▶ **Given information**
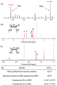 | Fig. 1. (a) Mass spectrometry detection of the purified ERL solution in the positive ionization mode. (b) 1H NMR and (c) 13C NMR spectra of the purified ERL solution (~120 ppm was assigned to the resonance signal of CN in CH3CN), and DMSO-d6 was used as the field-locking reagent. (d) Specific rotations of the purified ERL, reaction solution and commercial d-(-)-ERO and d-(-)-ERL in CH3CN. The concentration of all the aqueous solutions was fixed at 1.0 wt%. The data in parentheses represent their theoretical values in water. | |
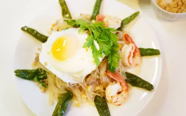 蓋無しで黄身がくっきり、途中で半分程蓋をした場合は上が少し半熟になります。焼けたらお好みで塩胡椒やナンプラーで味をつけて下さい。(目玉焼きは頂点より少しずらした位置に置き、反対側に海老や薬味を飾ると見栄えがアップします。)
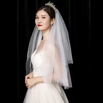 Bride veil female vintage wedding veil Super fairy short champagne Crown Net red photo props
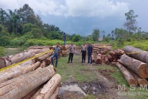 Kapolsek Kampar Kiri Temukan Tumpukan Kayu Log di Desa Kuntu Darussalam Kec. Kampar Kiri
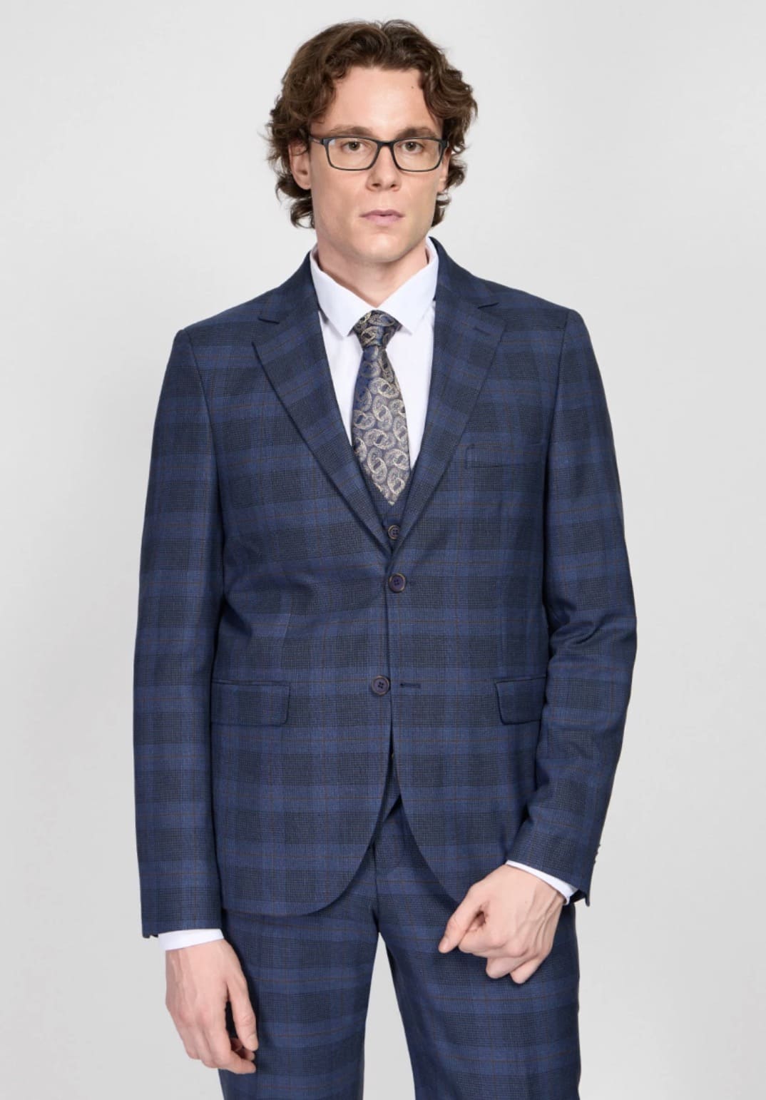 Мужской костюм тройка в клетку (синий) В88 – купить в СПБ за 19 990 ₽ | В магазине DOMINO
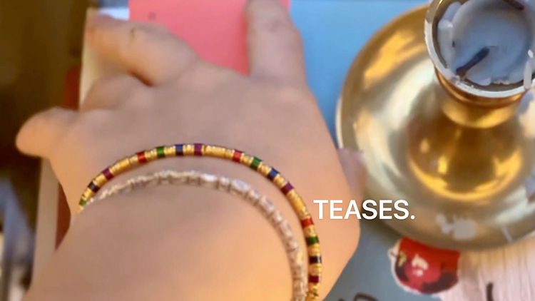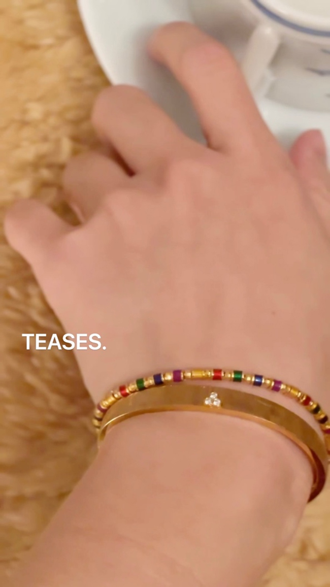 ( 叠戴的 黄金镶钻石手镯 亦来自品牌TEASES.戏玲珑 )
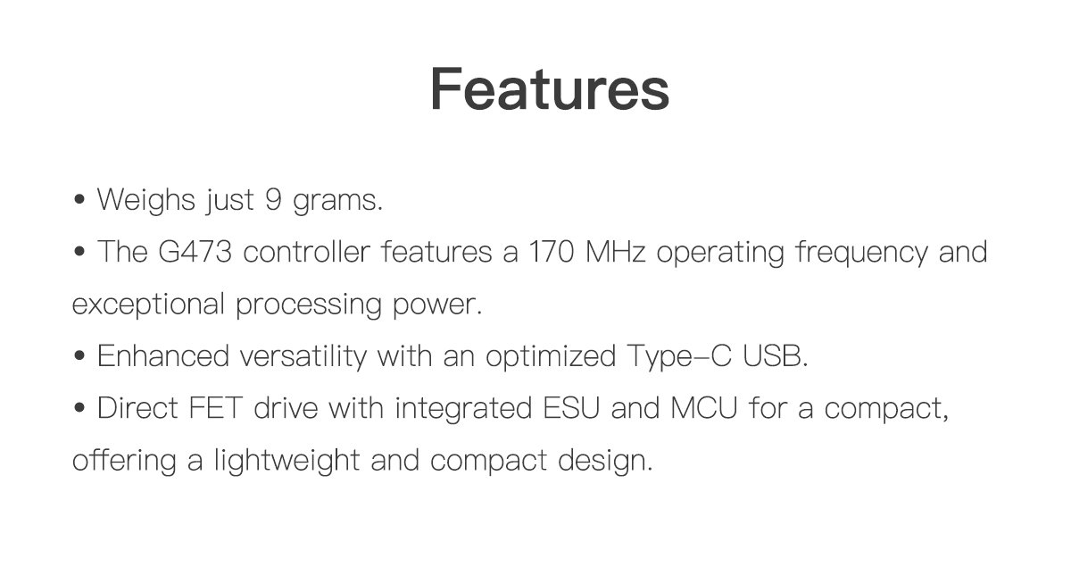 - The G473 control possesses 170MHZ operating frequency and outsatnding computing capability.
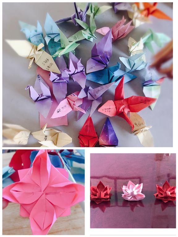 手工课讲的是折纸。孩子们聚精会神地学习每一步折法,认真聆听老师的每一句讲解,还不时地向老师提问。在师生互动中,增进了师生之间的感情,使留守儿童们感受到了老师们的关爱。一个多小时的手工课过去了,孩子们很快学会了折千纸鹤、爱心、荷花等等,看着自己亲手完成的手工作品,一张张小脸上绽放出甜美的微笑。孩子们不仅学会了折纸,还会学会了感恩和分享,他们将自己制作的手工作品,送给了自己的老师,并向老师表示感谢。
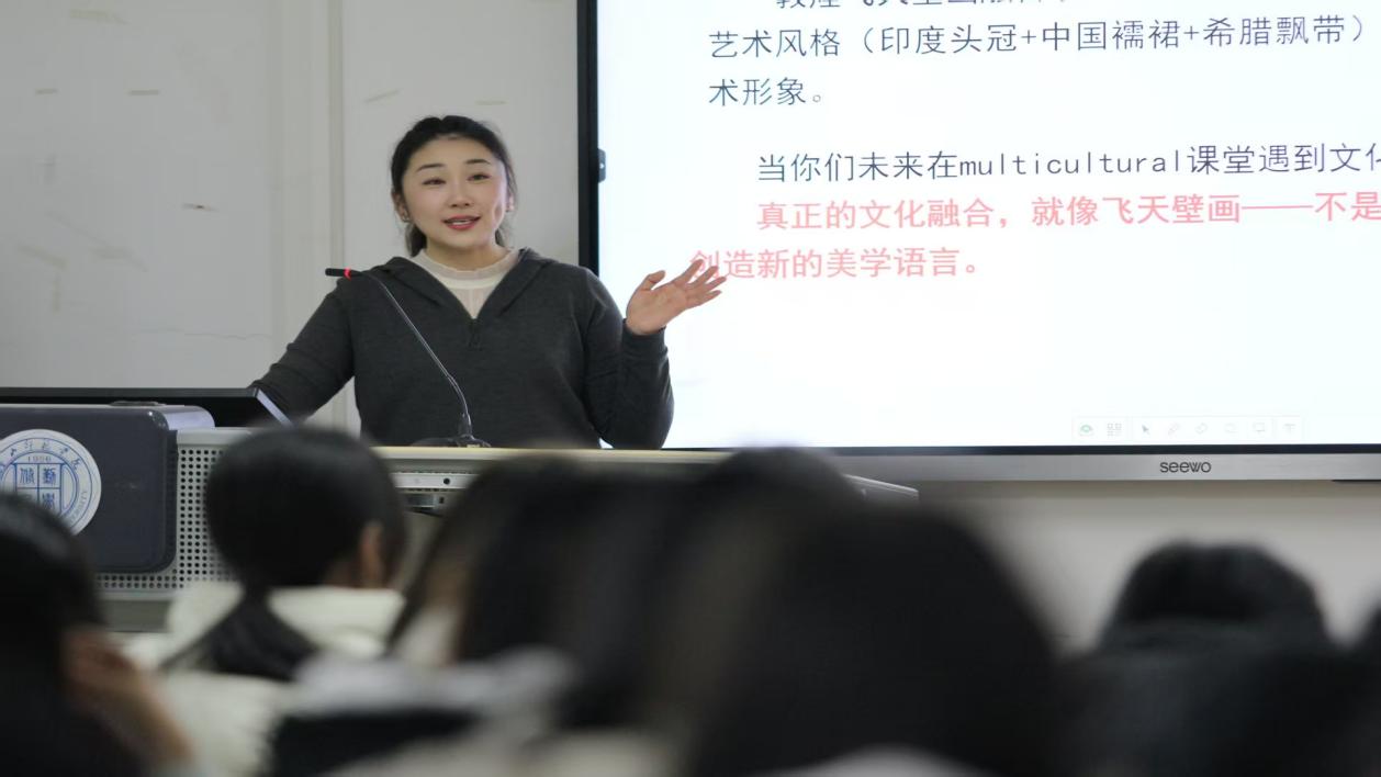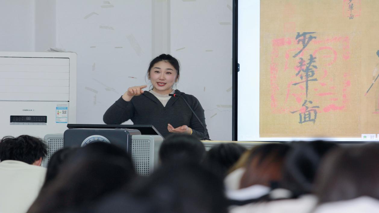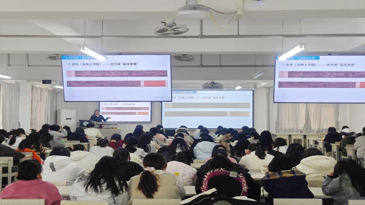 活动现场,304永利集团登录入口美术公司副教授蒋丽老师以《清明上河图》和“飞天”作为切入点,通过笔墨技法的解析与创作理念的分享,生动诠释了传统绘画“形神交融、意境悠远”的美学精髓。师生在示范与互动中感受“画中有诗、诗中有画”的艺术境界,体悟传统美学的深厚内涵。
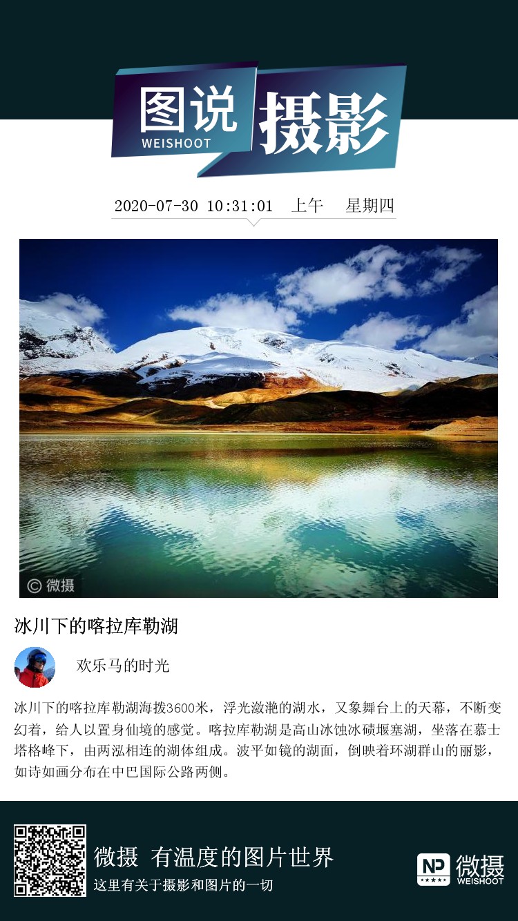 冰川下的喀拉库勒湖海拨3600米,浮光潋滟的湖水,又象舞台上的天幕,不断变幻着,给人以置身仙境的感觉。喀拉库勒湖是高山冰蚀冰碛堰塞湖,坐落在慕士塔格峰下,由两泓相连的湖体组成。波平如镜的湖面,倒映着环湖群山的丽影,如诗如画分布在中巴国际公路两侧。

▶ **What you should do**
The data above holds the lines to copy: start at the one with "Bride veil female", stop at the one with "活动现场,304永利集团登录", include both, copy them exactly without pictures, and copy nothing else.

▶ **Result**
 Bride veil female vintage wedding veil Super fairy short champagne Crown Net red photo props
 Kapolsek Kampar Kiri Temukan Tumpukan Kayu Log di Desa Kuntu Darussalam Kec. Kampar Kiri
 Мужской костюм тройка в клетку (синий) В88 – купить в СПБ за 19 990 ₽ | В магазине DOMINO
 ( 叠戴的 黄金镶钻石手镯 亦来自品牌TEASES.戏玲珑 )
 - The G473 control possesses 170MHZ operating frequency and outsatnding computing capability.
 手工课讲的是折纸。孩子们聚精会神地学习每一步折法,认真聆听老师的每一句讲解,还不时地向老师提问。在师生互动中,增进了师生之间的感情,使留守儿童们感受到了老师们的关爱。一个多小时的手工课过去了,孩子们很快学会了折千纸鹤、爱心、荷花等等,看着自己亲手完成的手工作品,一张张小脸上绽放出甜美的微笑。孩子们不仅学会了折纸,还会学会了感恩和分享,他们将自己制作的手工作品,送给了自己的老师,并向老师表示感谢。
 活动现场,304永利集团登录入口美术公司副教授蒋丽老师以《清明上河图》和“飞天”作为切入点,通过笔墨技法的解析与创作理念的分享,生动诠释了传统绘画“形神交融、意境悠远”的美学精髓。师生在示范与互动中感受“画中有诗、诗中有画”的艺术境界,体悟传统美学的深厚内涵。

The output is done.